→ DATA FOR THIS EXERCISE
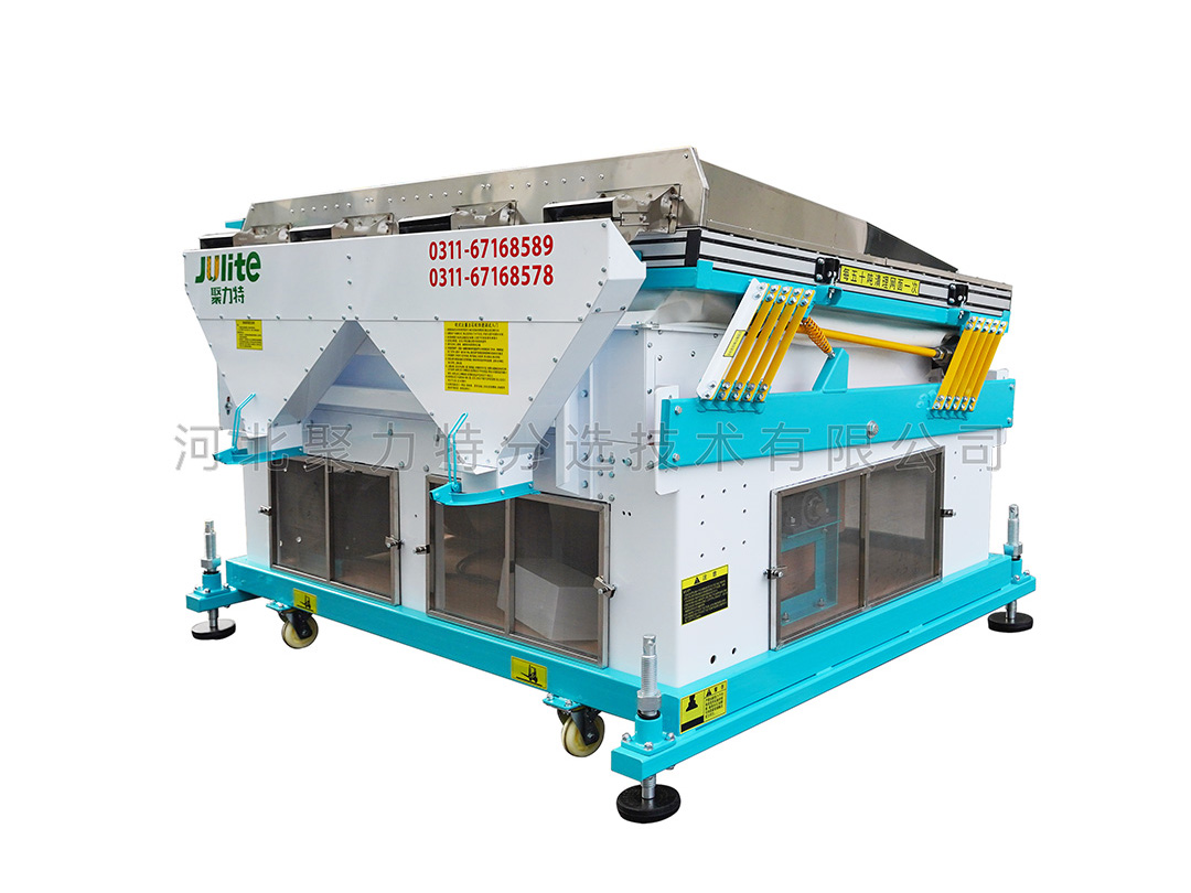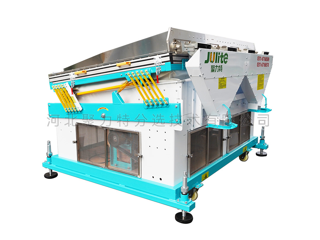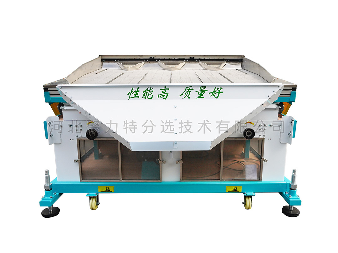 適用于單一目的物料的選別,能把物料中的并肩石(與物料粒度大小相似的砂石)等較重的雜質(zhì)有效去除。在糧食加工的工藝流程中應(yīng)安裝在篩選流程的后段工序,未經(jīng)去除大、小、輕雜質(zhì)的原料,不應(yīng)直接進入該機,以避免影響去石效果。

--

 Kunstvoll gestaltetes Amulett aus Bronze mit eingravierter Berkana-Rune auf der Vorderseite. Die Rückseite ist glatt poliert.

==

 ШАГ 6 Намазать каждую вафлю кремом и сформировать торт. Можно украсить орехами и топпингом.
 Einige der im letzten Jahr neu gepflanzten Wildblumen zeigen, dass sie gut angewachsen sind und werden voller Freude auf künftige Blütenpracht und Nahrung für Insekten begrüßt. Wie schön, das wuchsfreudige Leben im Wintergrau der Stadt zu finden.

→ EXERCISE INSTRUCTIONS
Starting at the line that contains "ШАГ 6 Намазать" and stopping after the line that contains "Einige der im", write out every line exactly as it appears above, and no other line.

→ YOUR SOLUTION
 ШАГ 6 Намазать каждую вафлю кремом и сформировать торт. Можно украсить орехами и топпингом.
 Einige der im letzten Jahr neu gepflanzten Wildblumen zeigen, dass sie gut angewachsen sind und werden voller Freude auf künftige Blütenpracht und Nahrung für Insekten begrüßt. Wie schön, das wuchsfreudige Leben im Wintergrau der Stadt zu finden.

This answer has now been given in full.